The possibility of undetected concurrent disease increases with an animal’s age. Pre-operative blood testing can highlight hidden issues and is particularly important in older patients. Renal disease is very common in cats over eight years of age. Anaesthetising a cat with renal disease can exacerbate underlying renal damage. This can be prevented by administering intravenous fluids. We advise that all cats over eight years of age have a pre-anaesthetic blood test and are given intravenous fluids before, during and immediately after anaesthesia. Cats with existing kidney disease are routinely anaesthetised successfully, but we advise they remain hospitalised on intravenous fluids until the day after the anaesthetic.

Post-operative Care

This is very much dependent on the surgery that was undertaken but there are some general guidelines. Your cat should be kept in a room temperature environment on a comfortable, clean pet bed. Disturbance should be kept to minimum. The anaesthetic agents are metabolised very quickly but some of the drugs used in common pre-med injections can have effects lasting 24hrs. This may result in your pet being quite sleepy the evening after an anaesthetic. Water should always be available and a light meal should be offered later in the evening. Pain killing medication would have been dispensed if it was considered appropriate. However, if you feel your pet is uncomfortable please contact us.

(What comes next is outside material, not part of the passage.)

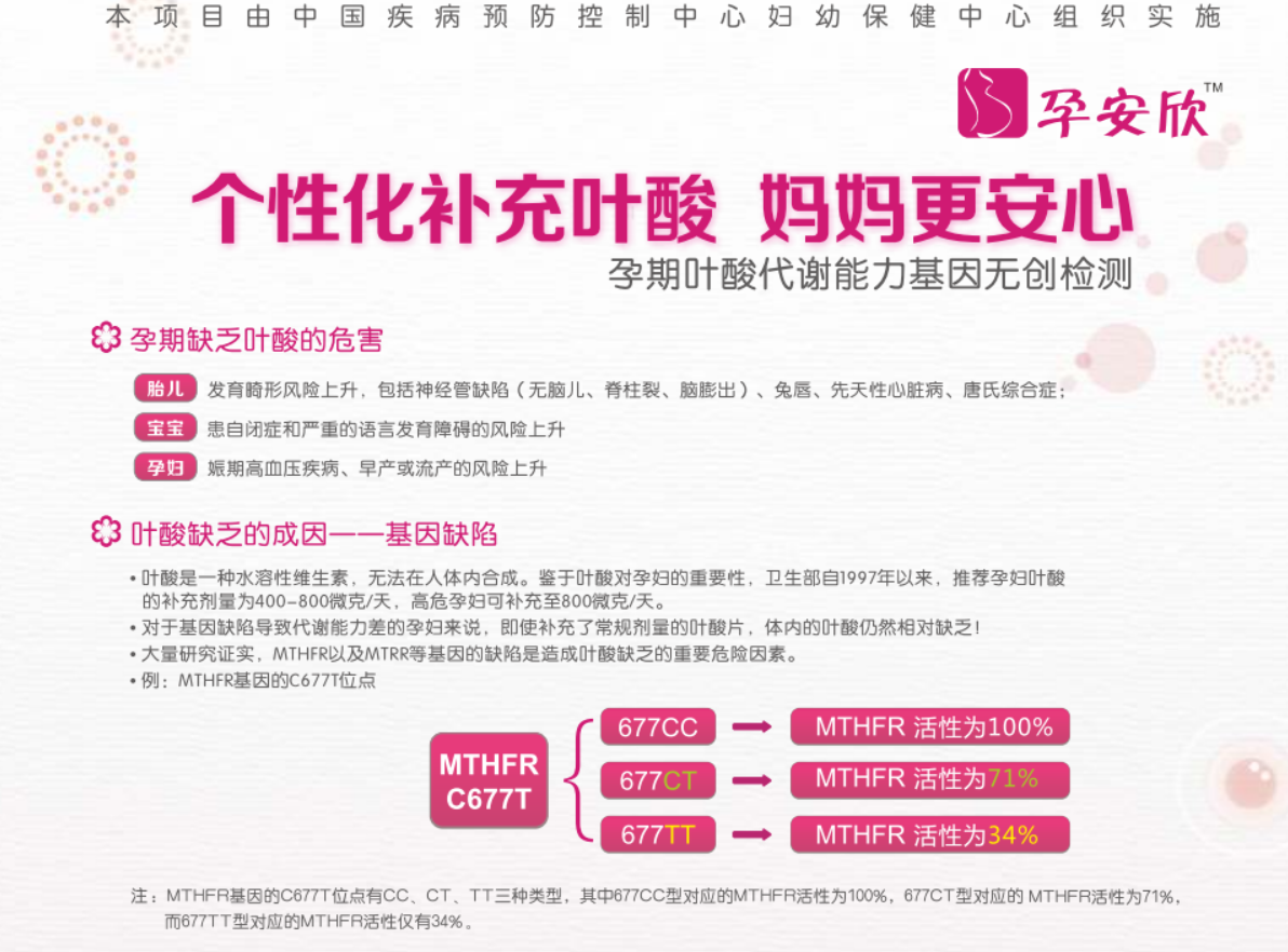 項目特點:篩查出遺傳上存在葉酸代謝存在障礙的商危人群

If your cat has skin sutures it is vital that they cannot traumatise the surgical site. An Elizabethan or buster collar would have been provided if  appropriate. Some cats resent having these collars fitted, but all cats will adapt to them given sufficient time. They are the only reliable method of preventing self trauma which can have extremely serious consequences. A cat is quite capable of opening an abdominal incision within minutes allowing the exteriorisation and damage of internal organs.  Cats should be confined to the house until the skin sutures are removed and should not be allowed out with a buster collar fitted.

Its is a common myth that a cat’s lick has healing properties. This is a total fallacy. Licking a wound will cause a suture line infection. This can result in the incision opening  requiring a repeat surgery with the associated costs.